Note: These results validate connectivity and do not necessarily indicate optimal performance. The avg bus bandwidth does not matter much - pay attention to the out-of-place busbw. DGX A100 has 8x ConnectX-6 Mellanox InfiniBand cards to maintain consistency with internal NVSwitch/NVLink bandwidth. Maximal transfer rates can be close to 200 GB/s. The example above has an out-of-place busbw of 191.05 GB/s, which is in line with what we would expect for DGX A100 nodes networked with InfiniBand. For more background, see the following blog post.

Using Slurm

The Slurm cluster is now configured to run high-performance multi-node Deep Learning training jobs.

For cluster usage review the official Slurm documentation.

For examples of how to run BERT multi-node training jobs using this configuration, consult the Multi-Node BERT User Guide.

Troubleshooting

Setup.sh fails due to unsupported ansible version

DeepOps requires Ansible v2.7.8 or greater. If the setup.sh script fails to achieve this, the latest version of ansible can be installed via pip...

# on the provisioning node
sudo pip install ansible=="2.7.11"

Connection to hosts via ansible refused/blocked

By default, fail2ban is running on NVIDIA DGX-1 and DGX-2 servers. Stopping fail2ban during deployment can facilitate setup...

# on each dgx node
sudo systemctl stop fail2ban

Performance validation test hangs / timeouts

The last step of the deployment runs a validation test across all nodes and GPUs in the cluster.

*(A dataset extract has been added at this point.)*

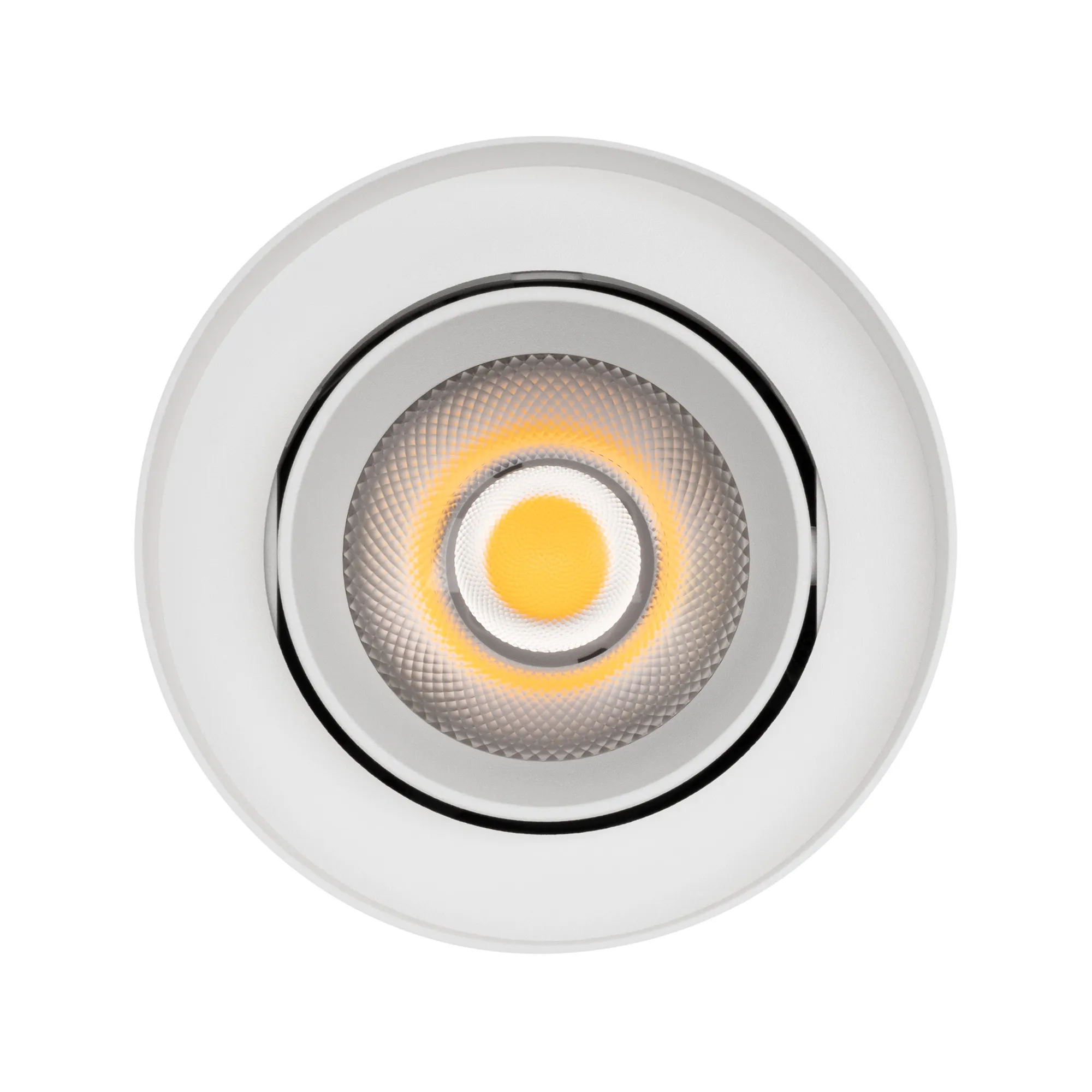 Накладной интерьерный светильник. Мощность 18 Вт, св. поток 1700 лм, 99 лм/Вт, теплый 3000 K, CRI>90, угол 50°, регулируемое направление луча 40°(20+20), поворотный световой модуль вокруг своей оси на 340°, UGR <11, напряжение питания 230 В. Белый круглый корпус из алюминия, степень защиты IP54. Размер: диаметр 110 мм, высота 145 мм. Монтаж накладной. Драйвер 27-43 В, 450 мА, пульсация <1%.

If this test appears to hang for longer than a few minutes or timeouts completely, it is helpful to diagnose issues that might be occurring directly from the slurm login node...

# on the slurm login node

# show running processes
sinfo

# show potential issues
sinfo -R

If errors are noticed when running sinfo -R, it's also helpful to search the logs for errors on the offending worker node(s)...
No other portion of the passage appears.